### About this task
Copy all records precisely, apart from the pictures.

### Available data
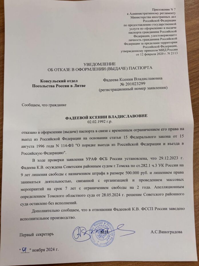 В отказе сказано, что Фадеевой не могут выдать загранпаспорт, потому что ее приговорили к лишению свободы.
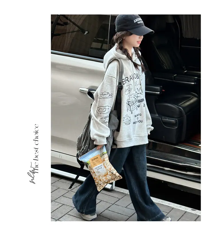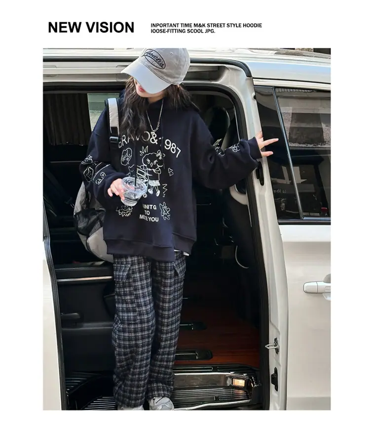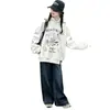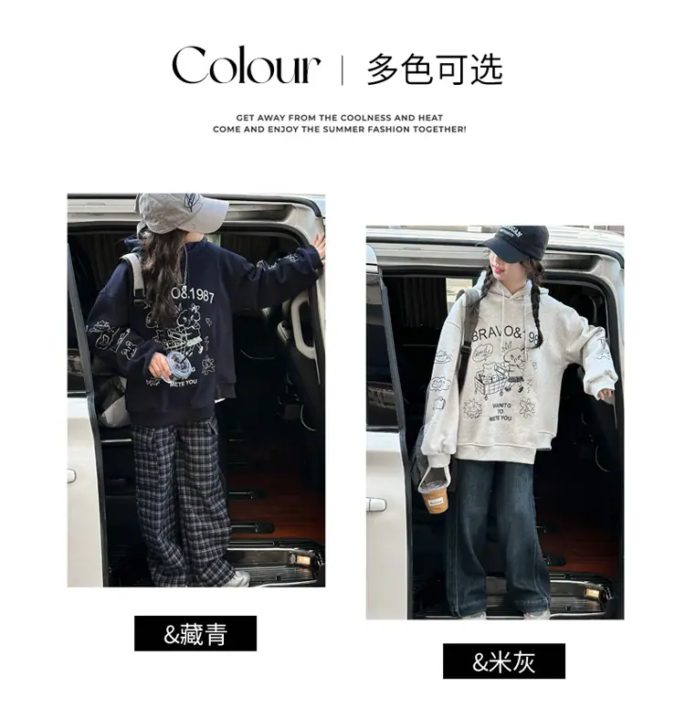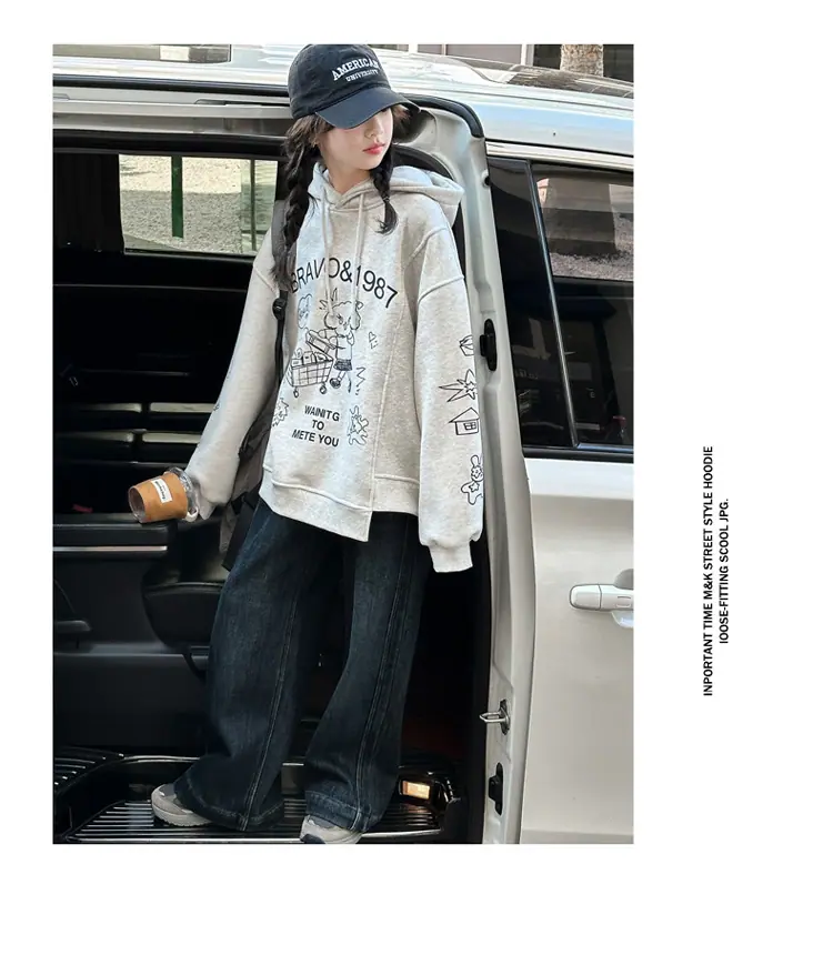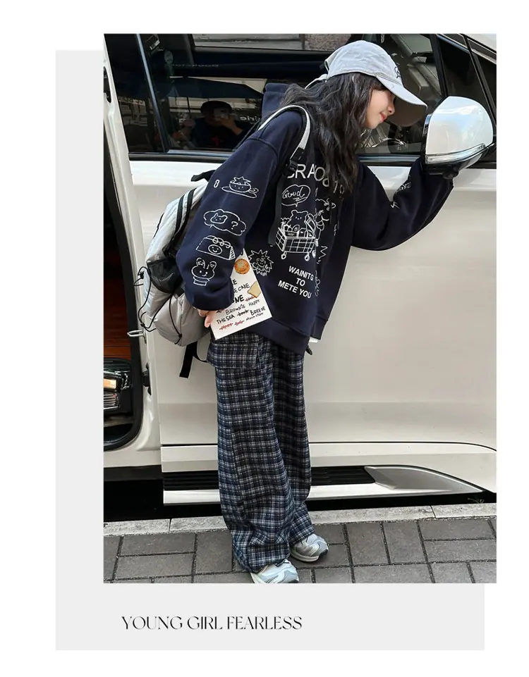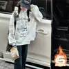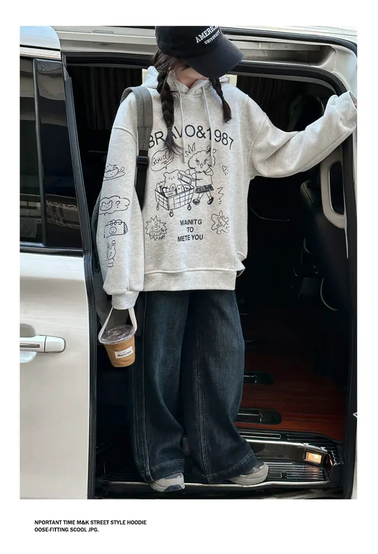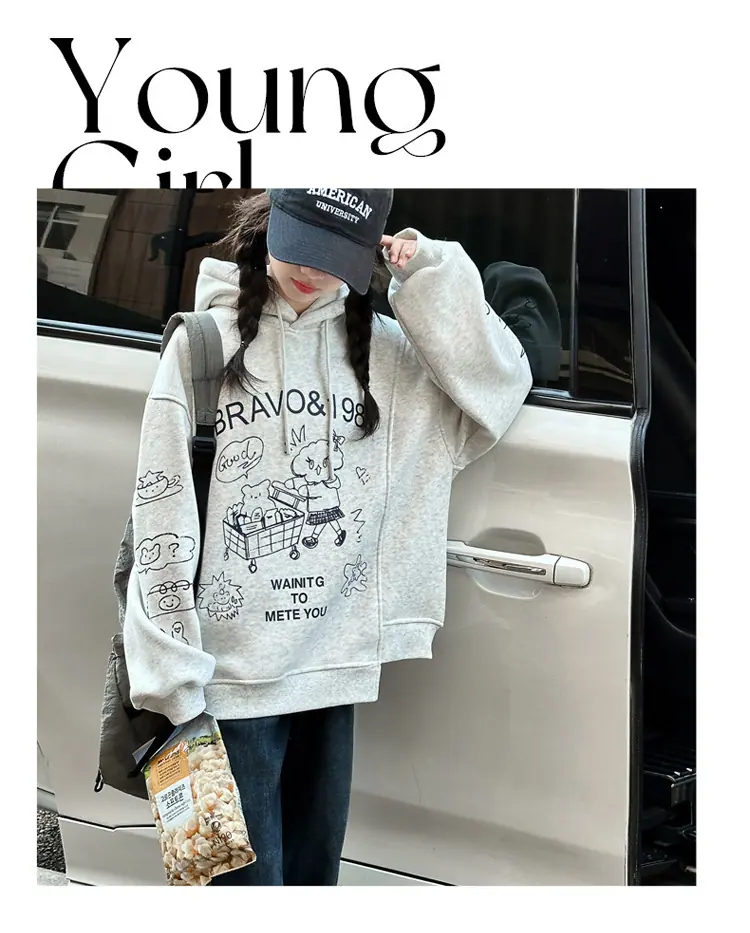 Sudadera de Felpa Otoño/Invierno para Niñas Grandes 2025 Nueva Infantil de Dibujos Animados Graffiti Gruesa de Una Pieza con Capucha Felpa Transfronteriza
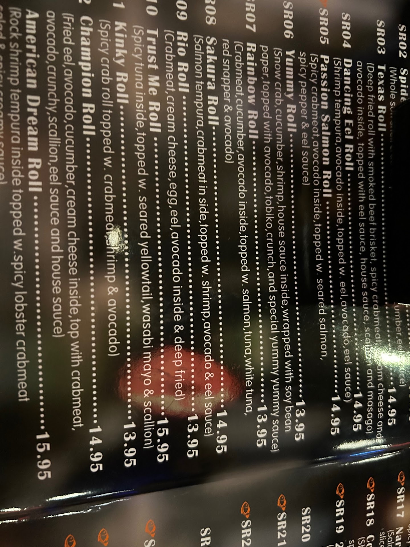 Read moreFISH ALLERGY ALERT!!! Although the menu lists "Crab or Crabmeat" on certain items, IT IS KRAB meat, which is an imitation crab meat that is made with various types of FISH.....and to a person with fish allergies, that misrepresentation could have deadly consequences. My Rainbow Roll was warm when served, the sushi rice had a mealy texture and the salmon, white fish and tuna were far from fresh. Miso soup is usually a good litmus test for a sushi restaurant, so we should have known to leave after the soup was served. It was obviously made from a powdered concentrate and was just terrible. Not only did the "manager on duty" refuse to take the Rainbow Roll off of our bill, she was going to have the server pay for it out of her pocket if we refused to pay! A TERRIBLE BUSINESS PRACTICE and a RED FLAG FOR ALL CUSTOMERS CONSIDERING EATING THERE. The actual owners/manager were called and they acquiesced to removing the charge from our bill and not forcing the server to pay. Our server however was wonderful. She was very kind and understanding and the "manager on duty" should take a play...
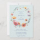 This design features a delicate watercolor wreath made of wildflowers in shades of blue, red, orange, violet, and gold. Perfect for spring and summer outdoor weddings.
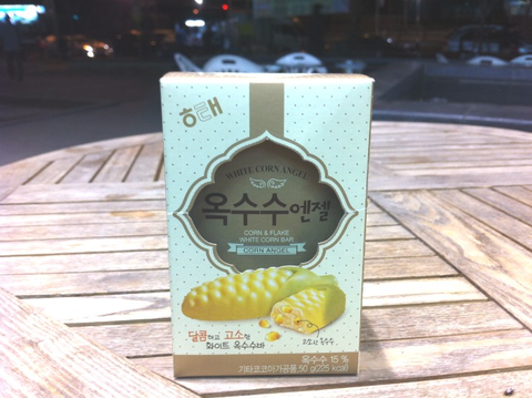 옥수수엔젤 초콜릿의 상자에 나와있는 옥수수엔젤의 이미지~
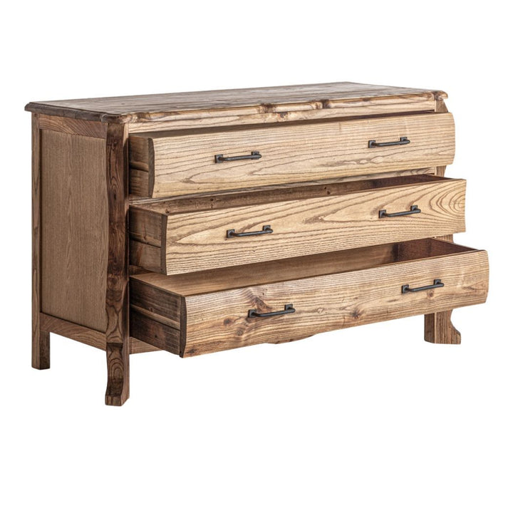 L'arredamento in stile rustico moderno combina l'eleganza della tradizione con la funzionalità contemporanea. Questo stile è perfetto per chi desidera creare un'atmosfera calda e accogliente, mantenendo al contempo un design raffinato. La cassettiera in legno di olmo è un elemento essenziale per questo tipo di arredamento. Realizzata con materiali di alta qualità, la cassettiera misura 137x53x80 cm e offre un ampio spazio di archiviazione con tre cassetti. La finitura naturale esalta la bellezza del legno, rendendo ogni pezzo unico e ricco di carattere. Questa cassettiera è ideale per chi vuole aggiungere un tocco di eleganza rustica alla propria casa.

### Result for this task
 В отказе сказано, что Фадеевой не могут выдать загранпаспорт, потому что ее приговорили к лишению свободы.
 Sudadera de Felpa Otoño/Invierno para Niñas Grandes 2025 Nueva Infantil de Dibujos Animados Graffiti Gruesa de Una Pieza con Capucha Felpa Transfronteriza
 Read moreFISH ALLERGY ALERT!!! Although the menu lists "Crab or Crabmeat" on certain items, IT IS KRAB meat, which is an imitation crab meat that is made with various types of FISH.....and to a person with fish allergies, that misrepresentation could have deadly consequences. My Rainbow Roll was warm when served, the sushi rice had a mealy texture and the salmon, white fish and tuna were far from fresh. Miso soup is usually a good litmus test for a sushi restaurant, so we should have known to leave after the soup was served. It was obviously made from a powdered concentrate and was just terrible. Not only did the "manager on duty" refuse to take the Rainbow Roll off of our bill, she was going to have the server pay for it out of her pocket if we refused to pay! A TERRIBLE BUSINESS PRACTICE and a RED FLAG FOR ALL CUSTOMERS CONSIDERING EATING THERE. The actual owners/manager were called and they acquiesced to removing the charge from our bill and not forcing the server to pay. Our server however was wonderful. She was very kind and understanding and the "manager on duty" should take a play...
 This design features a delicate watercolor wreath made of wildflowers in shades of blue, red, orange, violet, and gold. Perfect for spring and summer outdoor weddings.
 옥수수엔젤 초콜릿의 상자에 나와있는 옥수수엔젤의 이미지~
 L'arredamento in stile rustico moderno combina l'eleganza della tradizione con la funzionalità contemporanea. Questo stile è perfetto per chi desidera creare un'atmosfera calda e accogliente, mantenendo al contempo un design raffinato. La cassettiera in legno di olmo è un elemento essenziale per questo tipo di arredamento. Realizzata con materiali di alta qualità, la cassettiera misura 137x53x80 cm e offre un ampio spazio di archiviazione con tre cassetti. La finitura naturale esalta la bellezza del legno, rendendo ogni pezzo unico e ricco di carattere. Questa cassettiera è ideale per chi vuole aggiungere un tocco di eleganza rustica alla propria casa.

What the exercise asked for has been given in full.